> _THE PROBLEM_: Nothing but an exact copy is asked for: the lines in the material below from the one with "這家工廠的檢驗(yàn)記錄" through the one with "This document appears", pictures excluded.

> _INFORMATION PROVIDED_:
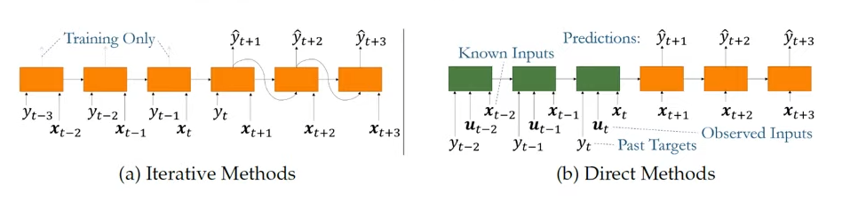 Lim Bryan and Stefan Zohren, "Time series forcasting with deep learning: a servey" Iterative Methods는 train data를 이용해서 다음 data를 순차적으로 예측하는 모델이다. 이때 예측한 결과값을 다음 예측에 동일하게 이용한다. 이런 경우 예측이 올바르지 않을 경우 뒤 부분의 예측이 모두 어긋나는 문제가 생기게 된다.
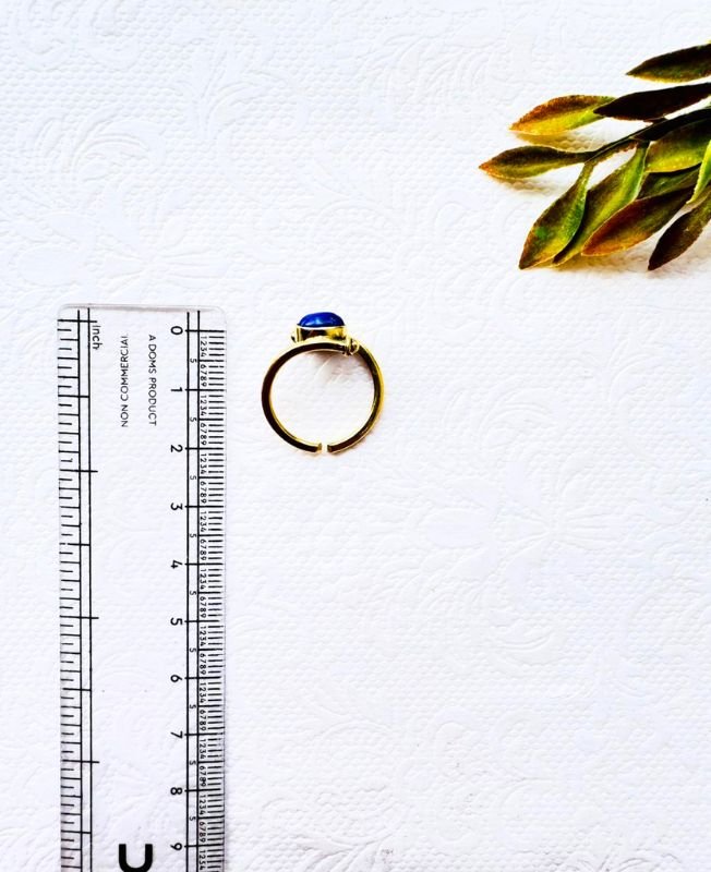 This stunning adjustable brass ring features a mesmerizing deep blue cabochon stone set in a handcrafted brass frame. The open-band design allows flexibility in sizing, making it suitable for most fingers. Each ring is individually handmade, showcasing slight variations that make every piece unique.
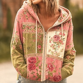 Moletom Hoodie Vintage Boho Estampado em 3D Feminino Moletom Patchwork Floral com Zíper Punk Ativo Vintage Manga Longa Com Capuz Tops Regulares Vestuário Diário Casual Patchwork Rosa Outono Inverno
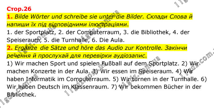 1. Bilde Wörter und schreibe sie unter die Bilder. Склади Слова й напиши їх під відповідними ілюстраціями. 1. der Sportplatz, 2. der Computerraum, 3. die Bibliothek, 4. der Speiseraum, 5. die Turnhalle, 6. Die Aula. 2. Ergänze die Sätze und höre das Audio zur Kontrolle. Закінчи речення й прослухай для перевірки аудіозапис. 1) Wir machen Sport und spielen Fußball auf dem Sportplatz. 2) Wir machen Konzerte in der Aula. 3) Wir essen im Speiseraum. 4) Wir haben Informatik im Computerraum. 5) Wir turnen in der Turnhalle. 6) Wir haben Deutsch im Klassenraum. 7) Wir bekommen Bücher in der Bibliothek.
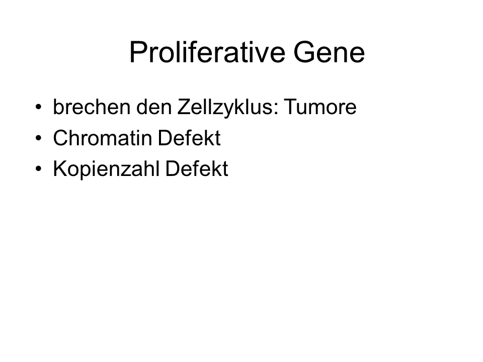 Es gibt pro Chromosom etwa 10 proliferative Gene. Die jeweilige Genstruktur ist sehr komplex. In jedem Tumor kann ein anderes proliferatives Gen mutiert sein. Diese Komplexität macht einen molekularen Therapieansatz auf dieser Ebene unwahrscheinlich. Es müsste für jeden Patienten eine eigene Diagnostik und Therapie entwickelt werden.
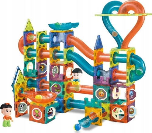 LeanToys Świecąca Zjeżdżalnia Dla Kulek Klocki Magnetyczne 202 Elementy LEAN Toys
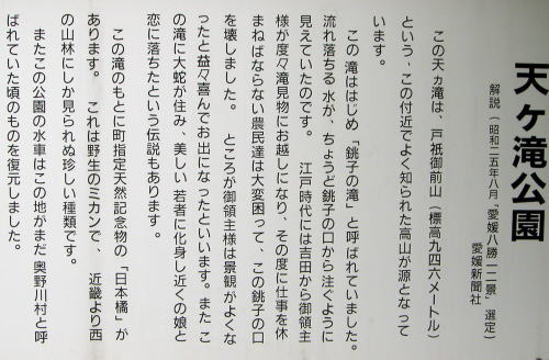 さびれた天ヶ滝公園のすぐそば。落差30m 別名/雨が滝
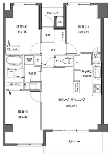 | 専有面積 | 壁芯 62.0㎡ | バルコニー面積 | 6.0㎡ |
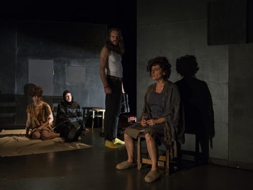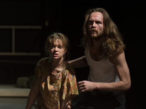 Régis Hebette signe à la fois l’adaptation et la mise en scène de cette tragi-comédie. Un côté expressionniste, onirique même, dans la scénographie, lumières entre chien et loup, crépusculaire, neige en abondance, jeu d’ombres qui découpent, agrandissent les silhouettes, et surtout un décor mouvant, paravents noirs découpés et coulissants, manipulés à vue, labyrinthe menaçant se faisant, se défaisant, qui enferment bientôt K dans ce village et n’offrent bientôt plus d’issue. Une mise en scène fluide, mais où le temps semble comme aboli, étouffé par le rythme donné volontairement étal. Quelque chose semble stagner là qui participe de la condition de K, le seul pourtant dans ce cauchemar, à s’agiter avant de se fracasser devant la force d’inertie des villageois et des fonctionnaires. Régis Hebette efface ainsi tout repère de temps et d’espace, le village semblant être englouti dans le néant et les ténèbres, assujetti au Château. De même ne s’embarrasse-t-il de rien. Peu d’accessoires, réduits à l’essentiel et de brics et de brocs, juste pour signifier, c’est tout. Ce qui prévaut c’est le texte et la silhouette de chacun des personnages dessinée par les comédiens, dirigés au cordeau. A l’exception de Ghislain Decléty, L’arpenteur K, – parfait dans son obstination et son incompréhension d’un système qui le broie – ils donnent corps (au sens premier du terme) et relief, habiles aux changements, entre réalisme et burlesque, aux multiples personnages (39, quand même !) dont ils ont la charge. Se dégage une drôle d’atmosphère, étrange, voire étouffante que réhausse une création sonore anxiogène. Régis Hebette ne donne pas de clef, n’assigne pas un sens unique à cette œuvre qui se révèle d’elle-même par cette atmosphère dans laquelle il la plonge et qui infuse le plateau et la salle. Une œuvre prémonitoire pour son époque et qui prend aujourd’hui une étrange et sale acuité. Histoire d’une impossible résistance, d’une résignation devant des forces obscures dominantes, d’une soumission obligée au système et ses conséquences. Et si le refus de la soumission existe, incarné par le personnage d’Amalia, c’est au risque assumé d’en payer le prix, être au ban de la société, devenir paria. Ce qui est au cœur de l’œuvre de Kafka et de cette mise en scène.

--

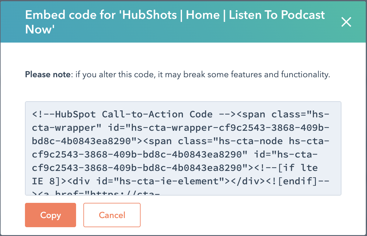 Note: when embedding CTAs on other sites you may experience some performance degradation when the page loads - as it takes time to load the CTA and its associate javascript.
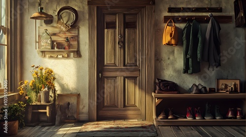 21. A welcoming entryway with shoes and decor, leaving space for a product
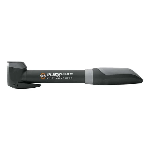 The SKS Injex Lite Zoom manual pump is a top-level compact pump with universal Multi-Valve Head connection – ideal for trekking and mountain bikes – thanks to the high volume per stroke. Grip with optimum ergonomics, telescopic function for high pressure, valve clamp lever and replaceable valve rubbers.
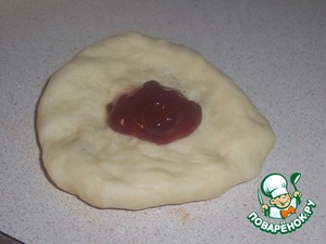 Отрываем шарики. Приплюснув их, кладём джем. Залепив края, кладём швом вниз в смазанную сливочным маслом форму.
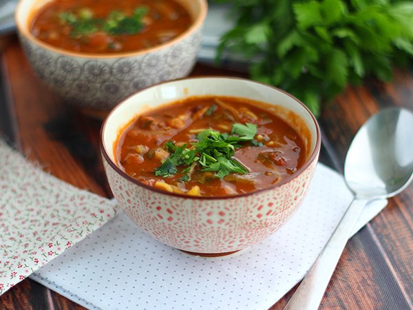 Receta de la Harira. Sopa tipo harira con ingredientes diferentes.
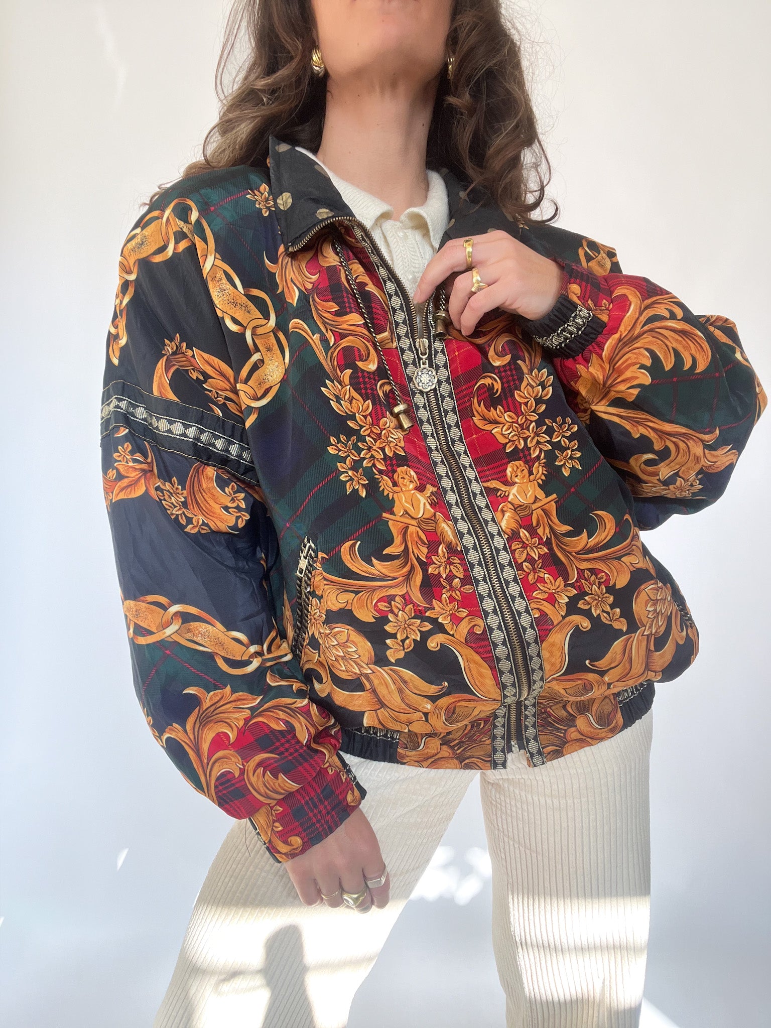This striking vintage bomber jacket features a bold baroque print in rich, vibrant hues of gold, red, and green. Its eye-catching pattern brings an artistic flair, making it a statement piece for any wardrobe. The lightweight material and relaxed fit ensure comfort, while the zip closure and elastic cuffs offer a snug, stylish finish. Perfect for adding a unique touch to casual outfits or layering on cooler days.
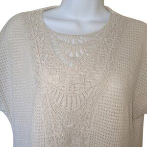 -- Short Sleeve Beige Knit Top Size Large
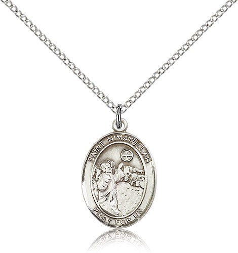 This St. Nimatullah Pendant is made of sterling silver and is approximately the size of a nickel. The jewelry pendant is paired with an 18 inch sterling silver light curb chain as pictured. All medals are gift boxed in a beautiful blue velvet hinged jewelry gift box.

---

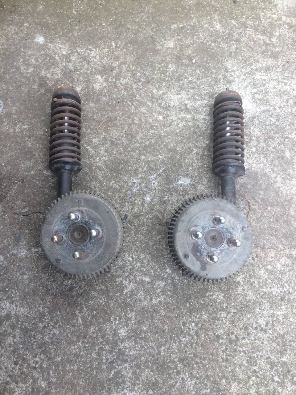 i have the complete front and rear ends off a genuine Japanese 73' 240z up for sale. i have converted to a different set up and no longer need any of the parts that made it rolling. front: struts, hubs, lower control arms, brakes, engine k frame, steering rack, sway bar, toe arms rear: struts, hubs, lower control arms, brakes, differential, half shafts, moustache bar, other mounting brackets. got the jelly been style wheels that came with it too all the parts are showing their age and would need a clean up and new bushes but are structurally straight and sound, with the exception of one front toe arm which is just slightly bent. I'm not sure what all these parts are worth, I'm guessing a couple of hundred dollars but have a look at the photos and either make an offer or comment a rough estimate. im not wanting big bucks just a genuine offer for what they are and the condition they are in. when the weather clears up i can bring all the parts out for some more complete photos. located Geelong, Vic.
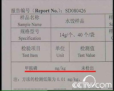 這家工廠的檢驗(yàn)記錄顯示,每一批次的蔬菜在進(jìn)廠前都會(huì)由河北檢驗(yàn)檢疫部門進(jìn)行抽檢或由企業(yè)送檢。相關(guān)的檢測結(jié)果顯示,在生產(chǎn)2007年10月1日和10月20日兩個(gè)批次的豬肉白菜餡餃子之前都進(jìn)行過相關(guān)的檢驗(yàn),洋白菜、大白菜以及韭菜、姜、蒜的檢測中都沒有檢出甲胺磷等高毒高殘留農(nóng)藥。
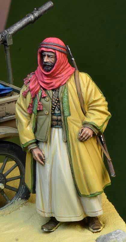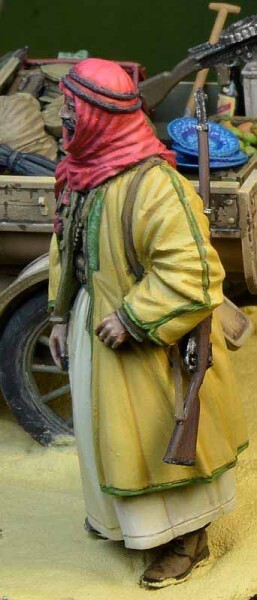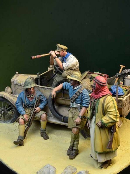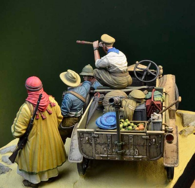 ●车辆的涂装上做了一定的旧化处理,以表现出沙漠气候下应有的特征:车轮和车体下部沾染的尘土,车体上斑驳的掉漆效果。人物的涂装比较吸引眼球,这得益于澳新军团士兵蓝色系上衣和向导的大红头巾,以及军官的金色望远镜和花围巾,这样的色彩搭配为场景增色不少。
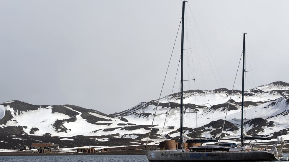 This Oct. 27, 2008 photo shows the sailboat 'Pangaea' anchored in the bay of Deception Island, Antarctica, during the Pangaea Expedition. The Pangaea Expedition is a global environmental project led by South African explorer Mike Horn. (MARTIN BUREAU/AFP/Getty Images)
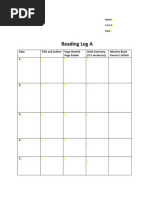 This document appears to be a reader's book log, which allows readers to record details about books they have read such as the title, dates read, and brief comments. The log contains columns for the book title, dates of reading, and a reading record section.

> _SOLUTION TO THE EXERCISE_:
 這家工廠的檢驗(yàn)記錄顯示,每一批次的蔬菜在進(jìn)廠前都會(huì)由河北檢驗(yàn)檢疫部門進(jìn)行抽檢或由企業(yè)送檢。相關(guān)的檢測結(jié)果顯示,在生產(chǎn)2007年10月1日和10月20日兩個(gè)批次的豬肉白菜餡餃子之前都進(jìn)行過相關(guān)的檢驗(yàn),洋白菜、大白菜以及韭菜、姜、蒜的檢測中都沒有檢出甲胺磷等高毒高殘留農(nóng)藥。
 ●车辆的涂装上做了一定的旧化处理,以表现出沙漠气候下应有的特征:车轮和车体下部沾染的尘土,车体上斑驳的掉漆效果。人物的涂装比较吸引眼球,这得益于澳新军团士兵蓝色系上衣和向导的大红头巾,以及军官的金色望远镜和花围巾,这样的色彩搭配为场景增色不少。
 This Oct. 27, 2008 photo shows the sailboat 'Pangaea' anchored in the bay of Deception Island, Antarctica, during the Pangaea Expedition. The Pangaea Expedition is a global environmental project led by South African explorer Mike Horn. (MARTIN BUREAU/AFP/Getty Images)
 This document appears to be a reader's book log, which allows readers to record details about books they have read such as the title, dates read, and brief comments. The log contains columns for the book title, dates of reading, and a reading record section.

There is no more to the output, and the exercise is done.